# While you were sleeping almost a week ago



## donkey (Aug 28, 2004)

Really wanted to get these pictures up while they were still relevant but time was not my friend.Blue glass 30 back 1.5-2.0 mph
Hope our pic doesn't upset anyone as making pictures disappear is not cool.


----------



## ezbite (May 25, 2006)

Who let you weekend warriors hold their fish?


----------



## Double J (Jan 7, 2009)

Filling the freezer coming @ a slow pace there Donkey???uh huh.


----------



## donkey (Aug 28, 2004)

Double J said:


> Filling the freezer coming @ a slow pace there Donkey???uh huh.

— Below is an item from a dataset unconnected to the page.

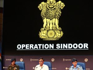 विदेश सचिव विक्रम मिस्री, कर्नल सोफिया कुरैशी और विंग कमांडर व्योमिका सिंह 7 मई को नई दिल्ली में 'ऑपरेशन सिंदूर' के बारे में आयोजित प्रेस कॉन्फ्रेंस के दौरान | फोटो: PTI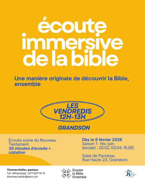 La paroisse de Grandson propose une écoute immersive de la Bible, une expérience originale centrée sur l’écoute audio du Nouveau Testament, vécue en groupe, dans un cadre accueillant et sans prérequis.

I know the picture is deceiving but the fish were divided 3 ways and there were a couple of fish that had to go to weigh station for the "Spring Fling"
As further proof of the slim pickings I offer another picture.You will notice these fish are a lot smaller and had to be divided unevenly.I only got three of these as my partner caught four.I wanted to cut the fish in half at the dock to divide it but it started to rain so we had to make a hasty departure.
I am now unemployed and trying to feed a family of thirteen with these fish. I am sure you can see I have a long way to go to fill my freezer.


----------



## LindyRigger (Apr 13, 2004)

IMPRESSIVE!!!!
LindyRigger


----------



## Eastside Al (Apr 25, 2010)

Nice fish.


----------



## Mad-Eye Moody (May 27, 2008)

Very nice. Glad you you found some. I am jealous.


----------



## stevecat (May 16, 2007)

Your killin me, But love the
While you were sleeping pics.
Nice job


----------



## juicebox (Apr 22, 2008)

nice going on the fish. my time is soon.


----------



## 65redbeard (Mar 12, 2006)

you guys rock thanks


----------



## donkey (Aug 28, 2004)

Can't remember which day this was as they went by so quickly once the Big Girls moved in.


----------



## Bob Why (Jul 16, 2004)

You just have to keep reminding up that you got to fish while we were sleeping. I know I should have been out there a few nights that I wasn't. But I think I'm getting webbed feet and when the feathers start showing, I'll be out there in the rain.


----------



## donkey (Aug 28, 2004)

Bob Why said:


> You just have to keep reminding up that you got to fish while we were sleeping. I know I should have been out there a few nights that I wasn't. But I think I'm getting webbed feet and when the feathers start showing, I'll be out there in the rain.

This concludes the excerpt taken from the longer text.